Friday, October 20, 2006

Oct 20 7 pm - Animated films at National Archives

Tonight at 7 pm at the National Archives at 7th and Constitution, NW, films from Selling Democracy - Films of the Marshall Plan, 1948-1953 will be shown for free. Two are cartoons:

Shoemaker and the Hatter, The* A prize-winning cartoon made by the same husband and wife team that later turned Orwell’s Animal Farm into a classic of animated storytelling. Two neighbors, a shoemaker and a hatter, argue about how best to recover their livelihoods after the war. The hatter believes in producing few hats at a high profit per hat, protected by tariff. The shoemaker sees the need for lots of shoes. He wants to lower their cost through mass production and make his profit through export and free trade. After many adventures, the shoemaker eventually proves that free trade can bring prosperity to them both. Since the free trade vs. protectionism argument is still in today’s headlines, the film is as fresh as ever. One of the most popular Marshall Plan films, it was shown in eleven language versions in movie houses throughout Western Europe. Produced by John Halas and Joy Batchelor Ltd, London, for ECA, supervised by Philip Stapp. 16 min, 1950.

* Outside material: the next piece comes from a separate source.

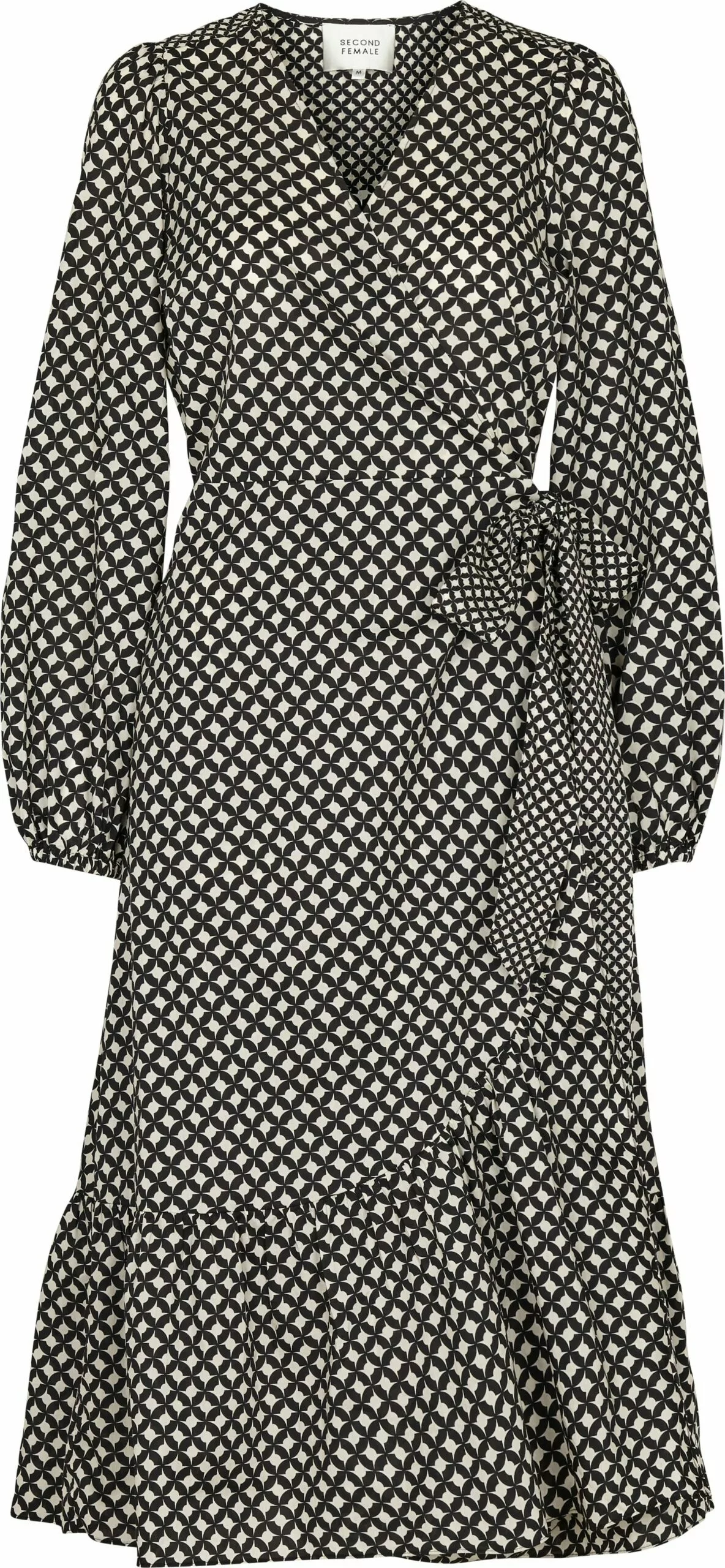 Nydelig kjole fra Second Female i print. Laget i et delikat bomullsstoff. Wrapkjole med belte og v-hals.

Without Fear. This British-made animated film addresses Europe’s condition five years after the war, and speculates about the continent’s future. Hemsing stated that anyone seeking insights into the Europeans’ hopes, fears and emotions during the period of the Cold War would find this flawed, but powerful, film revealing. Even as the world grows smaller, Europe remains split. West Europeans can either heed the siren song from the East — unity but without liberty — or work for a more prosperous, more just society. The preachy narration is matched by the strong images—a tide of Technicolor red engulfing all of Europe. Students of propaganda technique will be well rewarded. Director Peter Sachs, script Allan Mackinnon, production supervision Philip Stapp, W. M. Larkins Studio, with Producers Guild, London, for ECA. Color, 15 min, 1951.